Sun Exposure: Facts and Details
When do I need to protect myself from sun exposure?
Protection from sun exposure is important year-round, not just during the summer or at the beach. As long as the sun's ultraviolet (UV) rays are reaching the earth, you need to protect yourself from excessive sun exposure. UV rays can cause skin damage during any season or temperature.
What time of day is the most hazardous for UV exposure?
Relatively speaking, the hours between 10 a.m. and 4 p.m. during daylight saving time and between 9 a.m. and 3 p.m. during standard time are the most hazardous for UV exposure in the continental U.S. UV radiation is the greatest during the late spring and early summer.
Remember: UV rays reach you on cloudy and hazy days, as well as on bright and sunny days. UV rays will also reflect off any surface including water, cement, sand and snow.
What exactly are "ultraviolet rays"
Ultraviolet (UV) rays are invisible forms of radiation from sunlight. UV rays can penetrate and change the structure of skin cells. There are three types of UV rays: ultraviolet A (UVA), ultraviolet B (UVB), and ultraviolet C (UVC). UVA is the most common source of solar radiation at the earth's surface and pierces past the top layer of human skin. Scientists believe UVA radiation can increase a person's chance for developing skin cancer.
How can I protect myself from the sun's UV rays?
When possible, avoid outdoor activities during midday. You can also wear protective clothing, such as a wide-brimmed hat, long-sleeved shirt, and long pants.
For eye protection, wear wraparound sunglasses that provide 100 percent UV ray protection. Always wear a broad-spectrum sunscreen and lipscreen with a Sun Protection Factor (SPF) of at least 15. SPF is a number given to sunscreens and lipscreens that rate their effectiveness in protecting individuals from UV rays. Higher numbers indicate more protection. Remember to reapply as indicated by the manufacturer's directions.
The Sedgwick County Health Department Offers Tips to be SunWise:
- Limit Time in the Midday Sun The sun’s rays are strongest between 10 a.m. and 4 p.m.

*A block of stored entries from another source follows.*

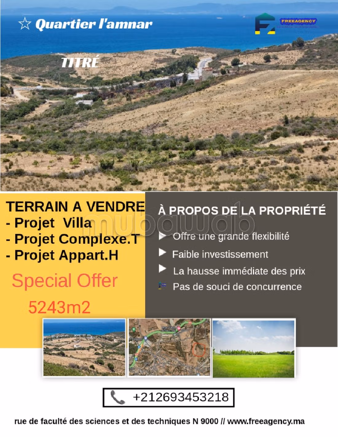 Une superficie de 5243 m² avec un prix de 4.500 DH/m².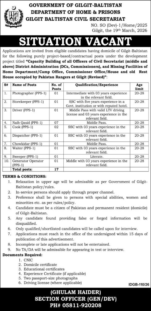 The Home & Prison Department has announced multiple job vacancies in its latest advertisement published in Daily Nation dated 27 March 2026. The available positions are in Gilgit, Gilgit Baltistan, Pakistan.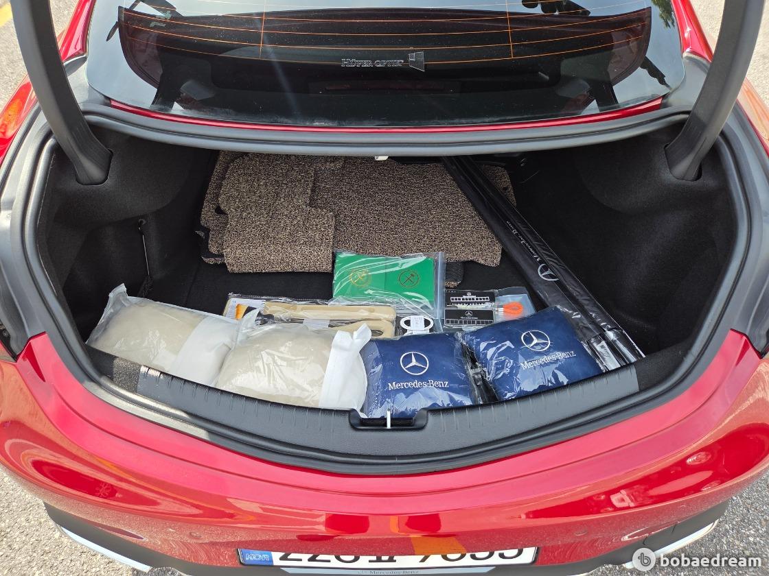 CLE 쿠페 트렁크 용량은 420ℓ로 골프백 3개 적재도 가능하다. CLE 쿠페 실내에는 헤드레스트 일체형 스포츠
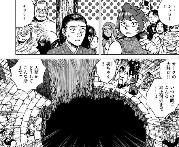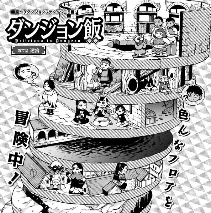 前回、最下層のライオスやカナリア隊の様子が描かれていましたが、今回は迷宮の地形が変わった時の、他の階層の様子です。

- Seek Shade Remember the shadow rule: “Watch Your Shadow – No Shadow, Seek Shade!”
- Always Use Sunscreen Choose a sunscreen with at least an SPF of 15.
- Wear a Hat
- Cover Up Wear loose-fitting and full length clothing to protect your skin.
- Wear Sunglasses that Block 99 to 100% of UV Radiation
- Avoid Tanning Salons
- Watch for the UV Index Remember: 0 is minimal; 10 is very high!
Can extreme temperatures shorten sunscreen’s expiration date?
Yes, check your sunscreen’s expiration date. Sunscreen without an expiration date has a shelf life of no more than three years. Exposure to extreme temperatures can shorten the expiration date or shelf life of sunscreen.
What can excessive exposure to UV rays do to my health?
UV exposure appears to be the most important environmental factor in the development of skin cancer and a primary factor in the development of lip cancer.
Although some sun exposure can yield a few positive benefits, excessive and unprotected exposure to the sun can result in premature aging and undesirable changes in skin texture. Such exposure has been associated with various types of skin cancer, including melanoma, one of the most serious and deadly forms. UV rays also have been found to be associated with various eye conditions, such as cataracts.
What kind of sunscreen should I use?
Sunscreen comes in a variety of forms such as lotions, gels, and sprays, so there are plenty of different options. There are also sunscreens made for specific purposes, such as the scalp, sensitive skin, and for use on babies. Regardless of the type of sunscreen you choose, be sure you use one that blocks both UVA and UVB rays and that it offers at least SPF 15.